Our main focus here is on the second subproblem, that of verifying the circuits of a system while assuming the soundness and completeness of the underlying proving system^{2}.
Zero knowledge proof systems often use a mathematical constraint system such as R1CS or AIR to encode a computation. The zero knowledge proof is a probabilistic cryptographic proof that the computation was done correctly. Formal verification of a circuit used in a zero knowledge proof requires (1) a formal specification of the relation the circuit is intended to encode, (2) a formal model of the semantics of the circuit, (3) the circuit itself, (4) the theorem prover, and (5) the mechanized proof of a theorem relating (1), (2) and (3).
Techniques
 To prove a general statement with certainty, it must be a purely mathematical statement which can be known to be true by reasoning alone, without needing to perform any tests. The reasoning must start from consistent assumptions (axioms) and proceed by truthpreserving inferences.

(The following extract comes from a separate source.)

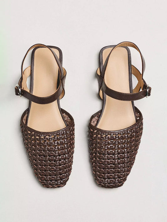 Brown Vegan Leather Woven Square-Toe Ankle Strap Flats
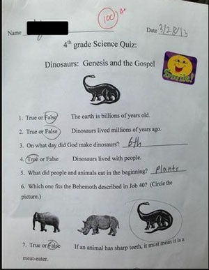 Khủng long đi dạo với con người, Chúa tạo ra khủng long vào ngày mồng 6… loài động vật khổng lồ được nói đến trong cuốn sách có tên “Bible’s Book of Job” là một loài khủng long ăn thực vật. Những thông tin đi ngược lại với những bằng chứng khoa học này cũng xuất hiện trong một bài kiểm tra môn Khoa học lớp 4 của một trường tôn giáo tư nhân của Mỹ.

 Example: given that a bachelor is defined as an unmarried man, and a married man by definition has a spouse, it can be proven with certainty that no bachelor has a spouse.
 A proof theory (sometimes also called a logic or metalogic) codifies a consistent set of rules for performing truthpreserving inference. Proof theories can be used to construct proofs manually, with pencil and paper.
 Example: sequent calculus for classical logic
 Computer programs called proof assistants reduce labor and mitigate the risk of human error by helping the user to construct machinecheckable proofs.
Using a proof assistant
 To use a proof assistant to prove a statement about a program, there are two main approaches:
 Write the program in the proof assistant language and apply the proving facilities to the program directly.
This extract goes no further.